BANGKOK — (AP) — Myanmar’s military government on Friday announced another six-month extension of its mandate to rule in preparation for elections it has said will be held this year, as the country enters its fifth year of crisis.
However, it did not announce an exact date for the polls.
The military declared a state of emergency on Feb. 1, 2021, when it arrested the country's leader, Aung San Suu Kyi, and top officials from her government in an army takeover which reversed years of progress toward democracy after five decades of earlier military rule.
The takeover sparked an armed resistance movement, with powerful ethnic minority militias and people’s defense forces that support Myanmar’s main opposition now controlling large parts of the country.
The military government is currently facing its greatest challenge since taking power and is on the defensive in much of the country. However, it is still able to hold onto much of central Myanmar and big cities including the capital, Naypyidaw.
State-run MRTV television reported on Friday that the National Defense and Security Council decided unanimously to grant an extension of emergency rule after Senior Gen.
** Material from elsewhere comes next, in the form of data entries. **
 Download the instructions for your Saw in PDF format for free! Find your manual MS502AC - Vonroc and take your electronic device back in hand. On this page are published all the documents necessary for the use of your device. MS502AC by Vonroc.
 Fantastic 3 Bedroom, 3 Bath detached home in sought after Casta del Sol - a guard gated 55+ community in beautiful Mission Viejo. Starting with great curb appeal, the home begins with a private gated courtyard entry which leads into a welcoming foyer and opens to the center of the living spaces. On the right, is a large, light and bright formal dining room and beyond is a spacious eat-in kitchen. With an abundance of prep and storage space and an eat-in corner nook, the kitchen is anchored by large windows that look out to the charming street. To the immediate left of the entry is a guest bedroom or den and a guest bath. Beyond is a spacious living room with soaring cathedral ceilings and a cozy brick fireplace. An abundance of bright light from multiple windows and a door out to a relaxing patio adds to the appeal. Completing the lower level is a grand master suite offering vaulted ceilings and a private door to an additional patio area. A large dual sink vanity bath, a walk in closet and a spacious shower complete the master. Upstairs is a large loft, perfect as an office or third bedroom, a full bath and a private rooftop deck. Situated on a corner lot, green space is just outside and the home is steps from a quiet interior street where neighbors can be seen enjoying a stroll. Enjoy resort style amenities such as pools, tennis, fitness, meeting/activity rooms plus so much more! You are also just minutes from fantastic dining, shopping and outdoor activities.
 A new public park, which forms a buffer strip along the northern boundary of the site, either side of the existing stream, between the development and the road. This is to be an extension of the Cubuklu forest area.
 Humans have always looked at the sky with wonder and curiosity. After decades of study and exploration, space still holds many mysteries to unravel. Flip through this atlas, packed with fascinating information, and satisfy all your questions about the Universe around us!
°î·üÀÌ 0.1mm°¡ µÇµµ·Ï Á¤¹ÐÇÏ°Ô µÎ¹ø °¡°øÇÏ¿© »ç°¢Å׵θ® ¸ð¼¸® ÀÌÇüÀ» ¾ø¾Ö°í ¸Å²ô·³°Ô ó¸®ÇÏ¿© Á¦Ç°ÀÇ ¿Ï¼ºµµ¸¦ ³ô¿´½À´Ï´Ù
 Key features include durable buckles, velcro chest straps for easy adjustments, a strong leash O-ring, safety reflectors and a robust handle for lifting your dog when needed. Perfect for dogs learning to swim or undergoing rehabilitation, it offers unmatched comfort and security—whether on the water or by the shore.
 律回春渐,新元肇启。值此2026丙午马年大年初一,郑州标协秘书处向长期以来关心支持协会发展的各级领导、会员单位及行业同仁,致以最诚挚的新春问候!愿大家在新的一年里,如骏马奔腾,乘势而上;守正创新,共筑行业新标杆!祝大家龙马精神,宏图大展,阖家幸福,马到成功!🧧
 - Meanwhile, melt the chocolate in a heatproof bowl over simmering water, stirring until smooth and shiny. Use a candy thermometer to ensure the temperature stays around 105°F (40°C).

Ming Aung Hlaing, the head of the military government, argued that more time was needed to restore stability to the country to hold national elections.
The council is nominally a constitutional administrative government body, but in practice is controlled by the military.
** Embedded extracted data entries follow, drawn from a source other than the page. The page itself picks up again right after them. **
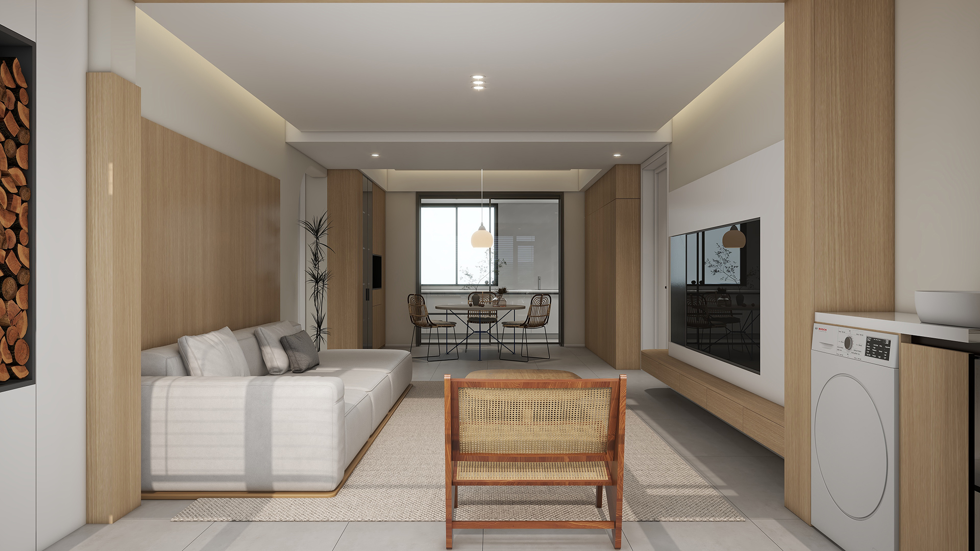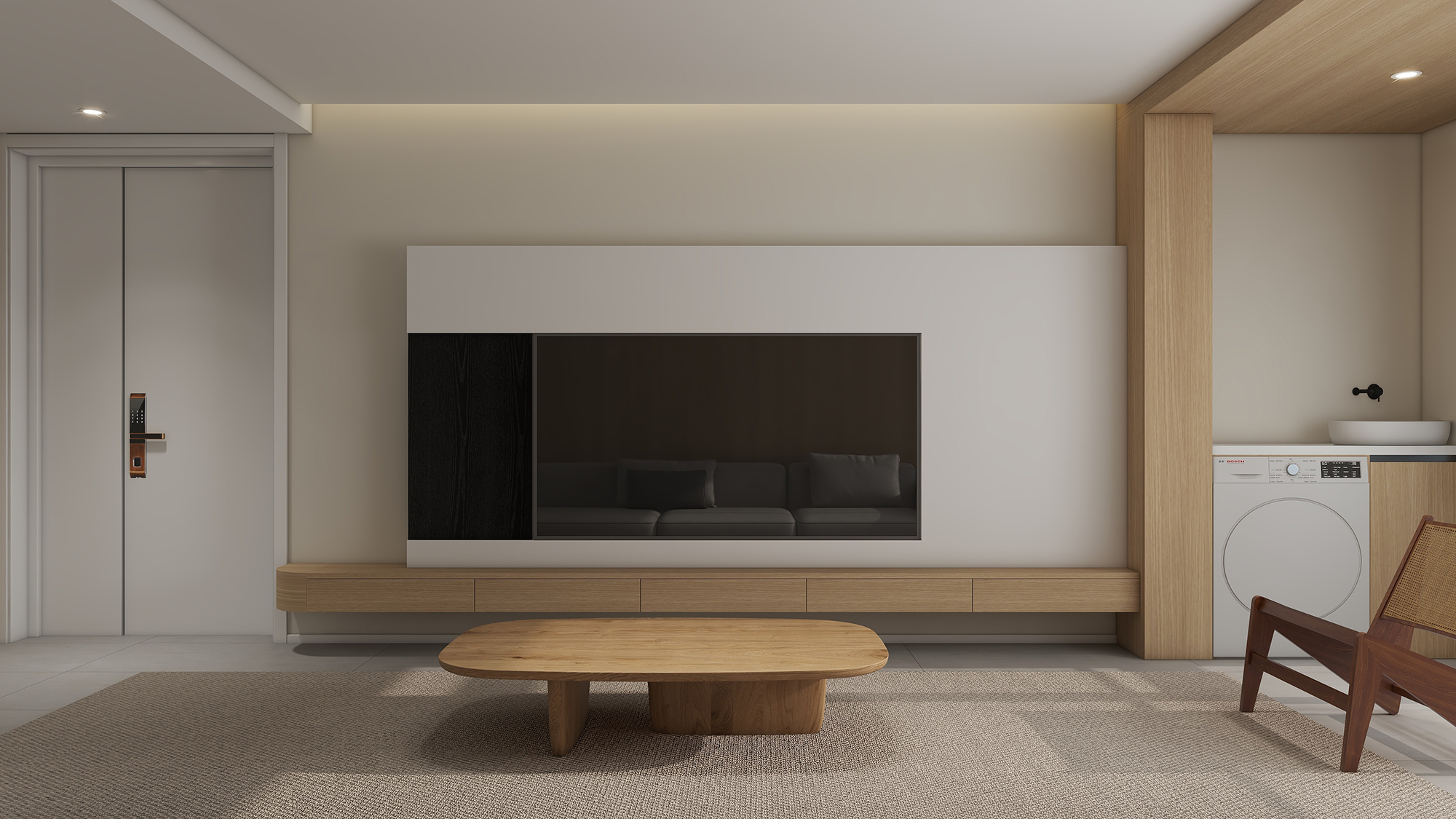 冷色调空间设计,纯色电视背景墙结合窄边透明推拉门低饱和色调营造室内通透性,延伸空间感,拍照自在ins风滤镜。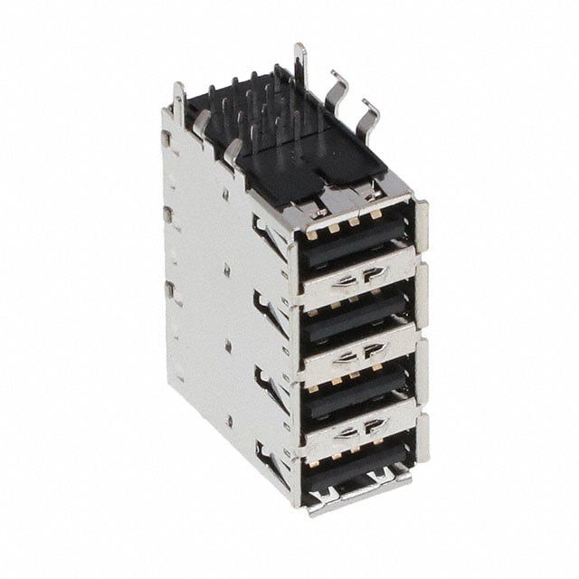 Assesses resistance at forward current Tariff may apply if shipping to the United States for LED or diode testing. Features a connector type acknowledged as USB-A (USB TYPE-A), Stacked. Sets the ampere rating to 1.5A. Equipped with features categorized as Board Lock. Defined with Receptacle gender configuration for connector compatibility. Type of mount Horizontal for easy installation. Mounting configuration Through Hole, Right Angle for structural stability. The total number of contacts is 16 for switches or connectors. Overall number of ports 4 for communication or connectivity. Temperature range -55°C ~ 85°C for environmental conditions impacting thermal efficiency. Type of housing Tray for safeguarding or transporting components. Product status Active concerning availability and lifecycle. Shielding Shielded for EMI/RFI protection. Information USB 2.0 for detailed product data. The classification for import duties Tariff may apply if shipping to the United States related to import and export transactions. Termination method Solder for electrical or mechanical connections. Maximum Vce(on) at Vge Tariff may apply if shipping to the United States for transistor specifications. The operating voltage rating of the device 250VAC.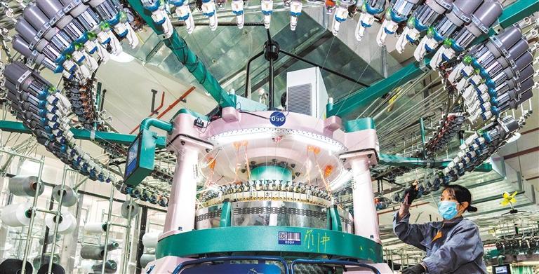 1月5日,浙江省湖州市长兴县湖州晨宇家居用品有限公司,工人操作全自动针织大圆机生产订单产品。 谭云俸摄(中经视觉)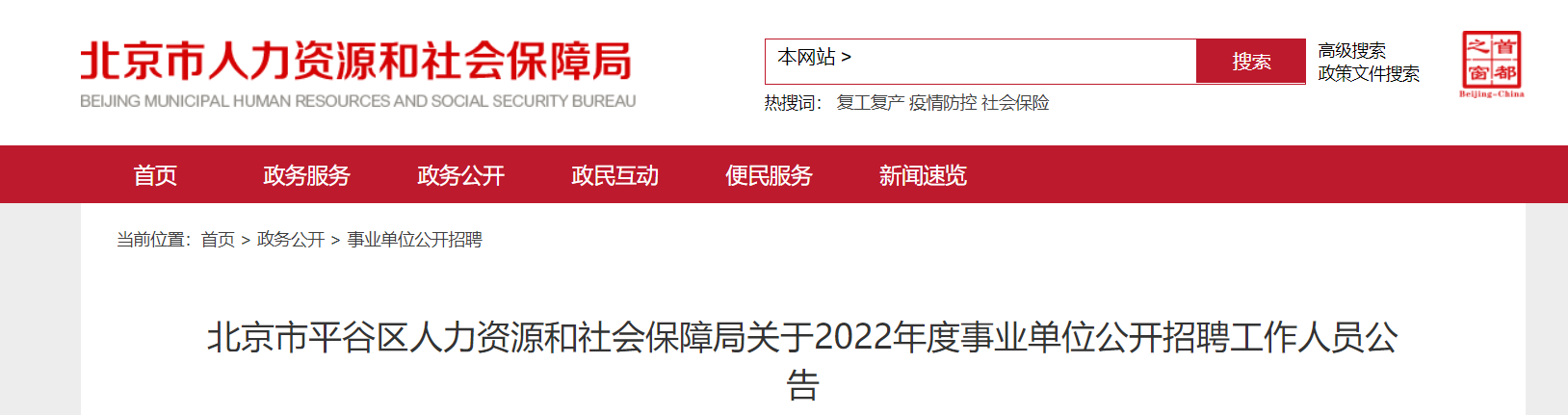 5、視疫情發(fā)展,如遇國(guó)家或本市出臺(tái)相關(guān)政策,本次招聘工作將適時(shí)予以調(diào)整,相應(yīng)補(bǔ)充公告將在平谷區(qū)政府門戶網(wǎng)站(http://www.bjpg.gov.cn)公布,請(qǐng)考生隨時(shí)關(guān)注。

Under the army-drafted 2008 Constitution, the military was able to rule the country under a state of emergency for one year, followed by two possible six-month extensions before holding elections. However, the extension on Friday is the seventh.
Tom Andrews, a special rapporteur with the U.N. Human Rights Office, said in a statement on Thursday that four years of military oppression, violence and incompetence have cast Myanmar into an abyss. The United Nations has estimated that more than 3.5 million people have been displaced by the conflict.
“Junta forces have slaughtered thousands of civilians, bombed and burned villages, and displaced millions of people. More than 20,000 political prisoners remain behind bars. The economy and public services have collapsed. Famine and starvation loom over large parts of the population,” he said.
The state of emergency allows the military to assume all government functions, giving Min Aung Hlaing legislative, judicial and executive powers.
The military originally announced elections would be held in August 2023, but has regularly pushed back the date and has recently said they would take place sometime in 2025.
Under the Constitution, the military must transfer government functions to the president at least six months before elections are held.
The plan for a general election is widely seen as an attempt to legitimize the military's rule by delivering a result that ensures the generals retain in control.
Critics say the elections will neither be free nor fair because there is no free media and most of the leaders of Suu Kyi’s National League for Democracy party have been arrested.
Moe Zaw Oo, a member of the opposition's shadow National Unity Government, said Wednesday that opposition groups are preparing to prevent the military-held election through nonviolent means. The NUG, which calls itself the country’s legitimate government, serves as an opposition umbrella group.
“No one from any organization on our revolutionary forces side will accept the illegal election that the military is planning to hold. We may have differences of opinion on other issues, but the position among the revolutionary forces regarding this election issue is unified and clear. We do not accept this at all,” Moe Zaw Oo said in an online news conference.